On 28 December 2015 at 10:03, Joe Corneli holtzermann17@gmail.com wrote:
On Mon, Dec 28 2015, Oliver Keyes wrote:
My big question is how these pedagogic maps factor in the negatives of peer production communities - harassment, toxicity - and route around or solve for them.
Hi Oliver,
Thanks for the speedy and thought-provoking reply!
The question above is a good one. We did have a basic collection of "antipatterns", but didn't develop them in this paper, because thinking about antipatterns adds some complexity and we wanted to get the "positive" vision more firmly in mind first. With that accomplished, I'd love to write a sequel sometime about "Antipatterns of Peeragogy"!
Cool! This makes sense and is one of the concerns I've heard about including antipatterns and patterns together; that it leads to claims of a work "lacking focus". I would argue (just for myself, and editorial boards probably feel very very differently) that not including antipatterns makes a design pattern or template of limited applicability and so said editorial boards should be approving of it - but that's, again, just for me ;p.
Still, the current catalog should definitely help surface and do something about concerns. The strategy would be something like: start with the Scrapbook pattern and existing critiques, develop a short list of criticisms into A specific project, and build a Roadmap that involves others in addressing the issue that was identified.

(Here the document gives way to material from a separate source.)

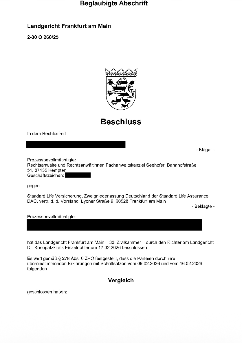 Nach Beratung durch unsere Kanzlei im Jahr 2025 wurde der Widerruf im Mai 2025 wegen einer fehlerhaften Widerrufsbelehrung erklärt. Die Standard Life wies den Widerruf zurück wegen einer angeblich ordnungsgemäß erteilten Belehrung, sodass dann im August 2025 Klage durch unsere Kanzlei zum Landgericht Frankfurt/Main, dem Sitz der Standard Life erhoben wurde.

A recent thread kicked off by Pine seems to be an example along those lines: https://lists.wikimedia.org/pipermail/wiki-research-l/2015-December/004927.h...
I do wonder about the generalisability of some of the examples; in particular while Wikiprojects are _ideally_ a good starting point for a lot of newcomers I don't have the data to hand about whether, in practice, it is the starting point for a large proportion of users, and I don't see citations to that effect in your paper (although I do see the claim). It would be good if someone more informed about this particular question than I could chip in with what they've measured/observed in detail (I know some people have been studying Wikiprojects specifically, particularly James Hare)
I've been impressed with some of my own earlier common-sensical guesswork that turned out not to hold water, and accordingly have tried to be careful to cite or footnote the Wikimedia evidence, but indeed that is one of the intuitive claims that is ^[citation needed]. Even though there are "many" users involved with Wikiprojects, the population might be oldtimers rather than new users. I'll look around a bit more, and/or adjust the claim to focus on current population of Wikiproject contributors rather than on the hypothesis that the projects are used for wiki onramping.
Yeah; from my own subjective experiences it's more oldtimers than newtimers, but this may also be common-sensical-but-not-holiding-water!